И вот об этом Юрьеве, с которым, по идее, могла бы дальше связываться тема Третьего Рима, сразу сообщается, как бы во избежание будущих недоразумений, что он часто испытывал чувство досады за то, что «все-таки русский, то есть не совсем то, что настоящий европеец… какой-то второй сорт европейца» (36). Здесь предельно четко сформулирован главный «грех» петербургского периода перед русской историей: несмотря на все величие Империи, русские чувствуют себя в ней людьми «второго сорта», поскольку Петербург вторичен по отношению к западноевропейской культуре.

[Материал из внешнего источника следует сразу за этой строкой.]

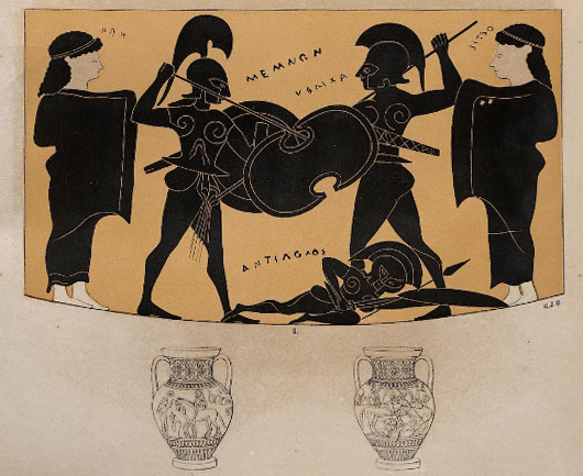 Our Amphora depicting the combat of Memnon and Achilles over Antilochos, the group’s eponymous amphora, is among the finest of the group and the only amphora of the Memnon group wearing named inscription - in Ionic alphabet. Pseudo-Chalcidian vase painting is an important style among black-figure Greek vase painting. It was strongly influenced by Chalcidian, but also shows influences from Attic and Corinthian vase painting. The potters used the Ionic alphabet for added inscriptions. As per today we know about 60 vases of the style - studied by Andreas Rumpf for the first time in 1927. The potters/painters may have been the successors of those who produced Chalcidian pottery, as well as some potters newly immigrated to Etruria. Pseudo-Chalcidian vase painting is divided into two groups: the Polyphemus Group and The Memnon Group. The first group produced the majority of known vases, mainly neck amphorae and oinochai. They show groups of animals, mythological imagery is rare. The vessels were found in Etruria and Sicily, but also in Marseille and Vix. The Μemnon Group, to which only 12 vases can be attributed, had a much less extensive distribution, limited exclusively to Etruria and Sicily. Except for one oinochoe, the Memnon group only produced neck amphorae, usually decorated with animals and horsemen. Mythological scenes are rare.

Основной хронотоп первой части романа – это, разумеется, введенная Петром I светская гостиная, салон. Этот хронотоп достаточно обжит русской классической литературой – прежде всего, романами И. С. Тургенева («Отцы и дети») и Л. Н. Толстого (салон Шерер). Но если у первого в гостиной революционеры и «нигилисты» объяснялись с девушками и дамами, то у второго среди продажной и лицемерной высшей аристократии попадались и живые искренние патриоты вроде Андрея Болконского и Пьера Безухова. Однако, по сравнению с классиками, светская гостиная у Г. Иванова имеет уже все признаки маленького Содома.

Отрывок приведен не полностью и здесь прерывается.